Dataset items:
= Beginning of Section =

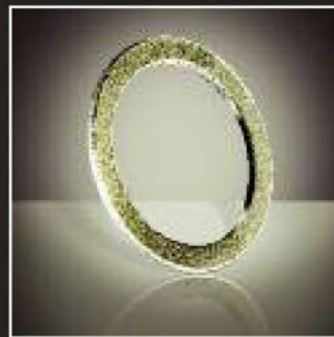
THERMICULITE® 845 Flexpro™ (kammprofile) Facing

High temperature filler material for spiral wound gaskets. Wide range of metals available.
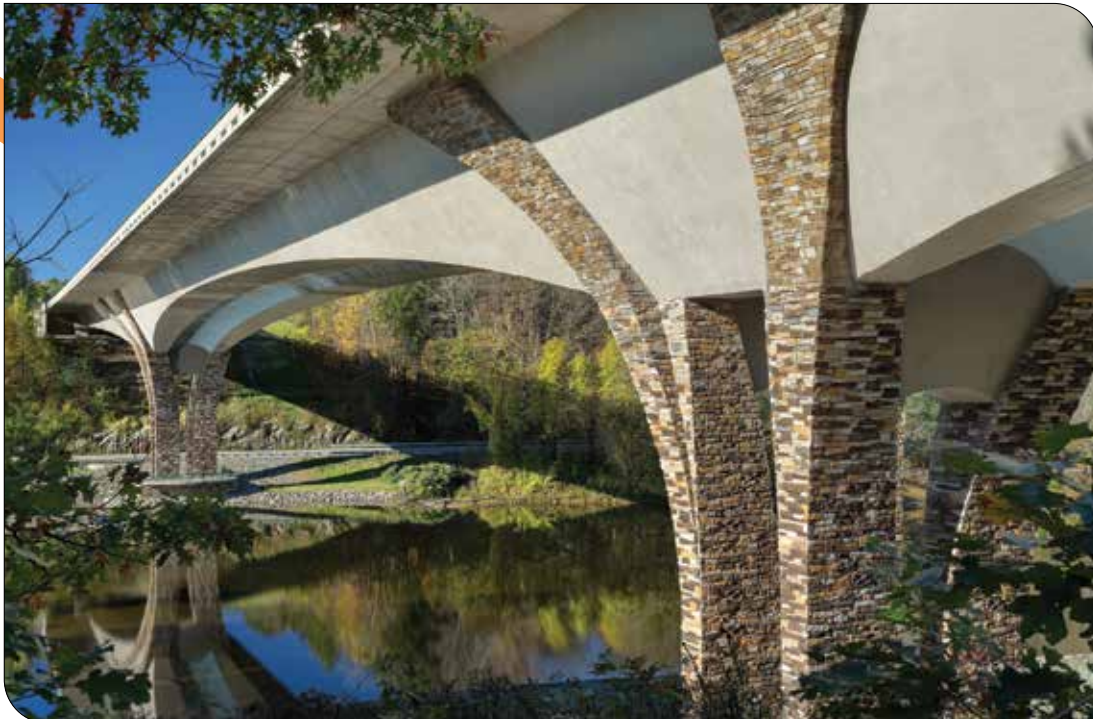
I-91 Brattleboro Bridge, Vermont, USA

ACI’s Excellence in Concrete Construction Awards honor concrete innovation and excellence across the globe.
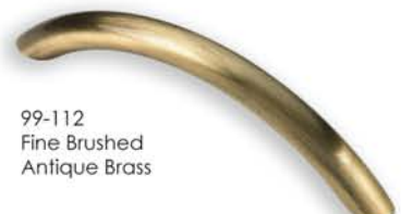
99-112 Fine Brushed Antique Brass
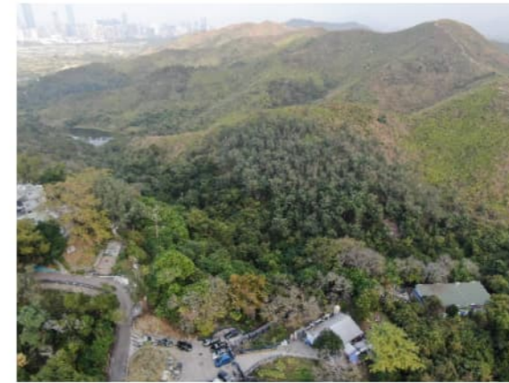
LR10 - WOODLAND
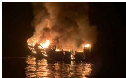
34 people died in lithium blaze, Santa Cruz, California
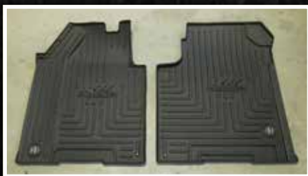
Figure 4 - Kit 103083 Contents

• Kit 103084 shown in Figure 5 is compatible with Western Star 5700XE 2016-2018 and Western Star 4700SB and 4700SF trucks equipped with a Cummins Engine and no driver side electrical tray 2016-2019. See figure 6 below for visual of electrical tray.
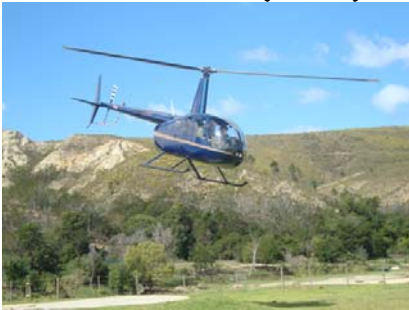
R4800 / H + Vat

= End of Section =

* [How to complete this task]: Give back exactly the lines from the one with "I-91 Brattleboro Bridge, Vermont, USA" through the end of the records above, inclusive, and omit any pictures.

* [Output of the task]:
I-91 Brattleboro Bridge, Vermont, USA

ACI’s Excellence in Concrete Construction Awards honor concrete innovation and excellence across the globe.
99-112 Fine Brushed Antique Brass
LR10 - WOODLAND
34 people died in lithium blaze, Santa Cruz, California
Figure 4 - Kit 103083 Contents

• Kit 103084 shown in Figure 5 is compatible with Western Star 5700XE 2016-2018 and Western Star 4700SB and 4700SF trucks equipped with a Cummins Engine and no driver side electrical tray 2016-2019. See figure 6 below for visual of electrical tray.
R4800 / H + Vat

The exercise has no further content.